YOUR OBJECTIVE: Every line below from the one containing "Le design compact" through the one containing "the travel set consists" is to be printed exactly, with the pictures omitted.

[Dataset entries]
+ + + + + + +

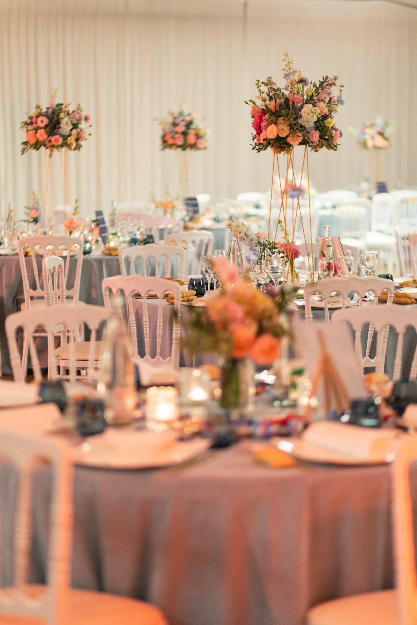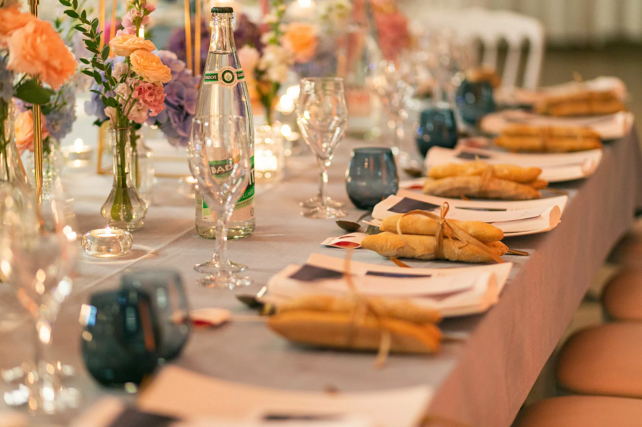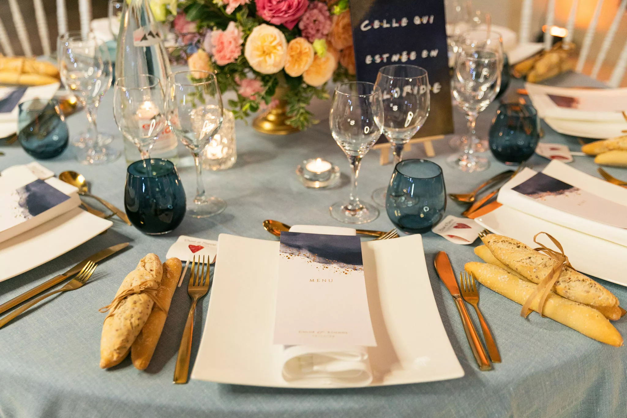 La soirée se poursuit dans une atmosphère résolument festive, entre piste de danse animée par Fiestamania et passages incontournables au photobooth de mariage, qui permet à chacun de repartir avec des souvenirs décalés et spontanés. La décoration florale, dans une palette Color Pop mêlant bleu ciel, rose, fuchsia, pêche et parme, habille les tables avec élégance. Pour immortaliser cette journée, Chloé & Étienne ont fait confiance au photographe Ronan Jegaden et au vidéaste Phénix Films, qui ont su capturer chaque instant avec justesse.
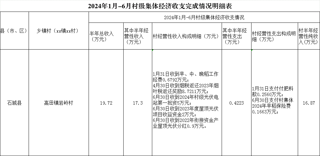 【集體統(tǒng)一經(jīng)營的經(jīng)營性資產(chǎn)】高田鎮(zhèn)巖嶺村2024年1-6月各村集體經(jīng)濟(jì)收入情況統(tǒng)計(jì)表
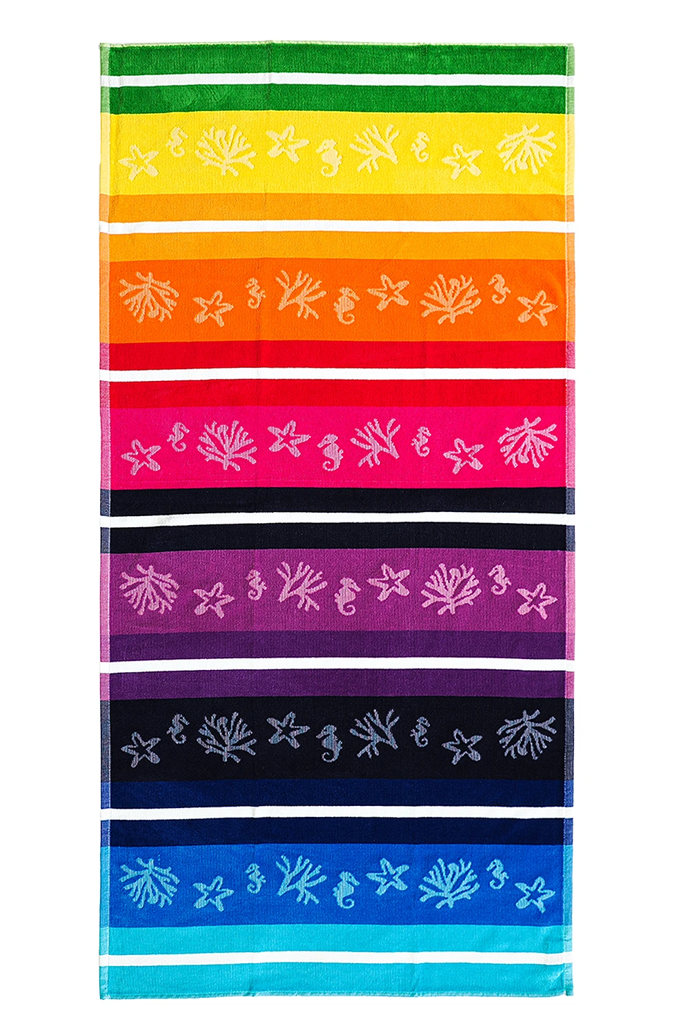 Das trendige Easyhome XXL Handtuch Beach Color aus 100% Baumwolle (Velours, 320 g/m2) eignet sich ideal zum Abtrocknen und Drauflegen. Es ist hautfreundlich, saugstark, schnell trocknend, super flauschig und lässt sich platzsparend aufbewahren. Harmonisch aufeinander abgestimmte Farben bestimmen das Streifen-Design, das mit stilvollen Strandmotiven wie Muscheln, Eis oder Fischen abgerundet wurde. Ideal für Schwimmbadbesuche, Sauna, Wellness oder Strand. Die Maße dieses Handtuchs sind 90×165 cm.
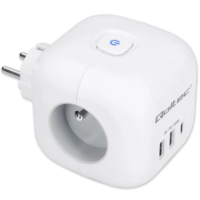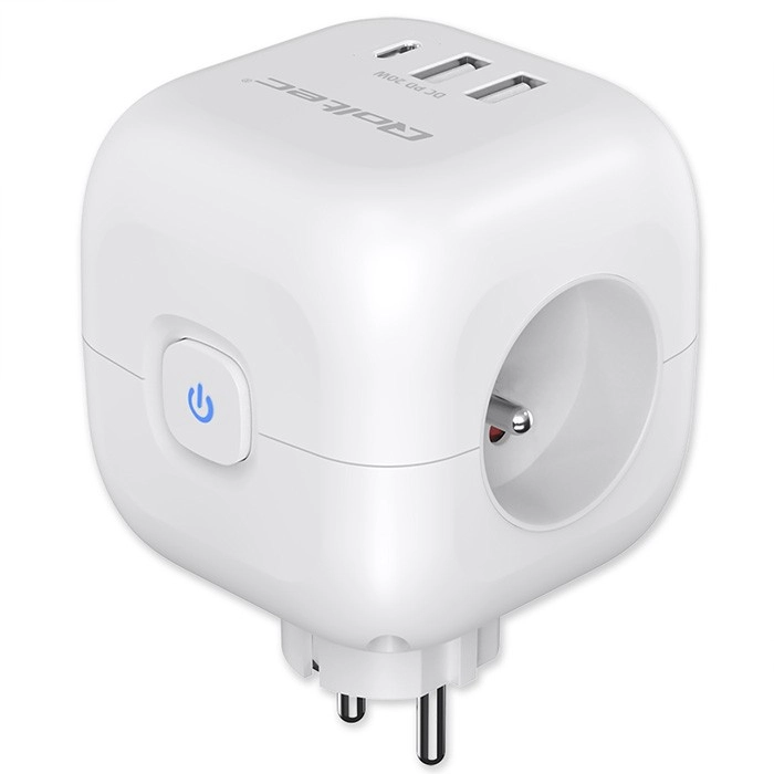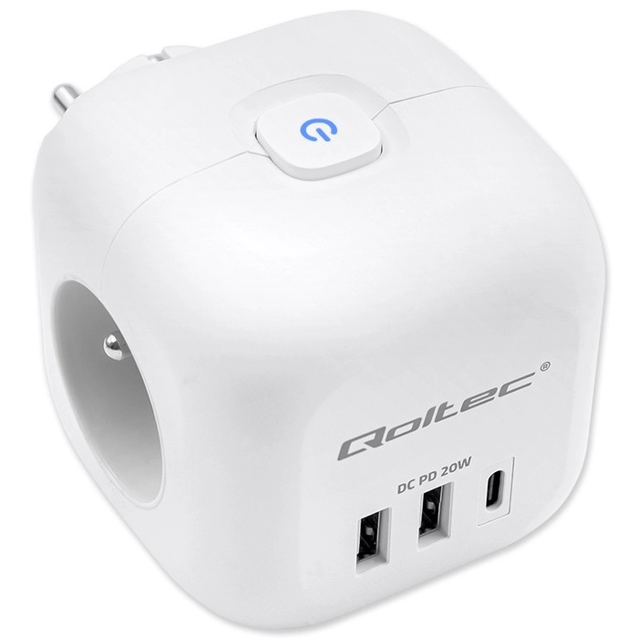 Le design compact du cube d'alimentation permet une organisation facile de 3 prises CA sur les côtés pour une connexion confortable même des plus grands connecteurs. À l'avant, vous trouverez 2 ports USB-A et 1 port USB-C PD 20W, vous pouvez donc facilement charger votre téléphone, tablette ou écouteurs sans nécessiter d'autres chargeurs.
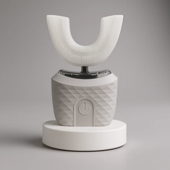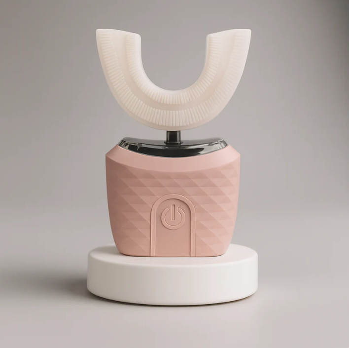 Brush360, U biçimli yumuşak silikon başlığı ve sonik titreşimleriyle dişleri aynı anda sarar. 45–60 saniyelik kısa bir rutinle pratik ve tutarlı temizlik sunar
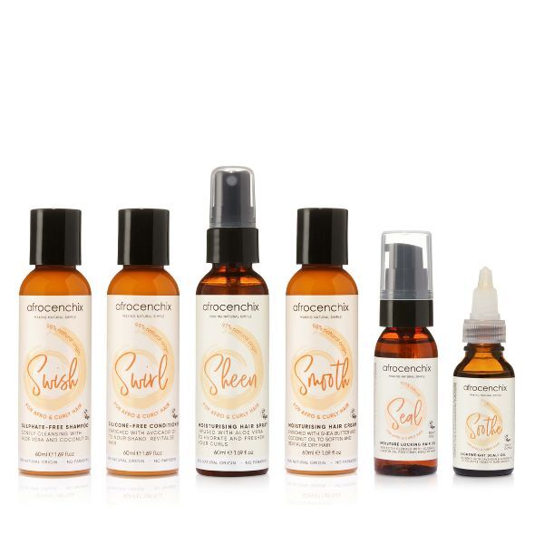 the travel set consists of our full range of products and is also great if youre curious but not ready to commit to our full sizes comes in a beautiful travel bag the travel set includes mini swish 60ml sulphatefree shampoo formulated with aloe vera and coconut oil to provide a gentle cleanse without stripping away moisture mini swirl 60ml siliconefree conditioner made with avocado oil to provide the ultimate slip for quick and easy detangling mini sheen 60ml moisturising spray infused with aloe vera and grapeseed oil to moisturise and revive curly and afro hair without leaving buildup great for moisturising braids mini smooth 60ml moisturising hair cream enriched with fairtrade shea butter and coconut oil to soften and revitalise dry hair mini seal 30ml natural hair oil expertly blended with jojoba oil and castor oil to lock moisture into the hair and prevent breakage mini soothe 20ml scalp oil a lightweight blend of oils including lavender and sweet almond oil to promote healthy hair growth and relieve itchy scalps travel bag the afrocenchix promise our crueltyfree vegan products are free from slssulphates parabens silicons parfumartificial fragrances and anything harsh that beautiful aroma that gets you compliments is a fragrant blend of essential oils we mixed up in the afrocenchix kitchen our inhouse team of scientists create multiple prototypes of our expertly formulated products before running trials with real people until they are just right
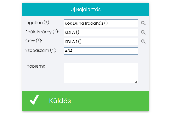 A-megoldás: a bejelentő kötelezően válassza ki a felbukkanó értéklistából az ingatlant, épületszárnyat, emeletet és szobaszámot. Mérnöki szemmel ez lenne a precíz, valóságot legjobban lekövető megoldás. A karbantartók pontosan tudnák, hova kell menniük, és rendszer szinten is helyiség pontosságú statisztikákat lehetne készíteni a bejelentésekről. Csakhogy nem ez az egyetlen, de még csak nem is ez a legfontosabb tervezési szempontunk. Egy ilyen képernyő hármas terhet ró a felhasználókra minden alkalommal, amikor bejelentenek – e miatt utálkozni fognak. További gond, hogy az üzemeltető cég adminisztrátorainak folyamatosan naprakészen kell tartaniuk az épületek, emeletek, helyiségek nyilvántartását, ami több tucat vagy száz ingatlan esetében nem egyszerű feladat. A precizitás árát ez esetben igen komoly adminisztrációs munkával kell megfizetnünk:

+ + + + + + +

WRITTEN SOLUTION:
 Le design compact du cube d'alimentation permet une organisation facile de 3 prises CA sur les côtés pour une connexion confortable même des plus grands connecteurs. À l'avant, vous trouverez 2 ports USB-A et 1 port USB-C PD 20W, vous pouvez donc facilement charger votre téléphone, tablette ou écouteurs sans nécessiter d'autres chargeurs.
 Brush360, U biçimli yumuşak silikon başlığı ve sonik titreşimleriyle dişleri aynı anda sarar. 45–60 saniyelik kısa bir rutinle pratik ve tutarlı temizlik sunar
 the travel set consists of our full range of products and is also great if youre curious but not ready to commit to our full sizes comes in a beautiful travel bag the travel set includes mini swish 60ml sulphatefree shampoo formulated with aloe vera and coconut oil to provide a gentle cleanse without stripping away moisture mini swirl 60ml siliconefree conditioner made with avocado oil to provide the ultimate slip for quick and easy detangling mini sheen 60ml moisturising spray infused with aloe vera and grapeseed oil to moisturise and revive curly and afro hair without leaving buildup great for moisturising braids mini smooth 60ml moisturising hair cream enriched with fairtrade shea butter and coconut oil to soften and revitalise dry hair mini seal 30ml natural hair oil expertly blended with jojoba oil and castor oil to lock moisture into the hair and prevent breakage mini soothe 20ml scalp oil a lightweight blend of oils including lavender and sweet almond oil to promote healthy hair growth and relieve itchy scalps travel bag the afrocenchix promise our crueltyfree vegan products are free from slssulphates parabens silicons parfumartificial fragrances and anything harsh that beautiful aroma that gets you compliments is a fragrant blend of essential oils we mixed up in the afrocenchix kitchen our inhouse team of scientists create multiple prototypes of our expertly formulated products before running trials with real people until they are just right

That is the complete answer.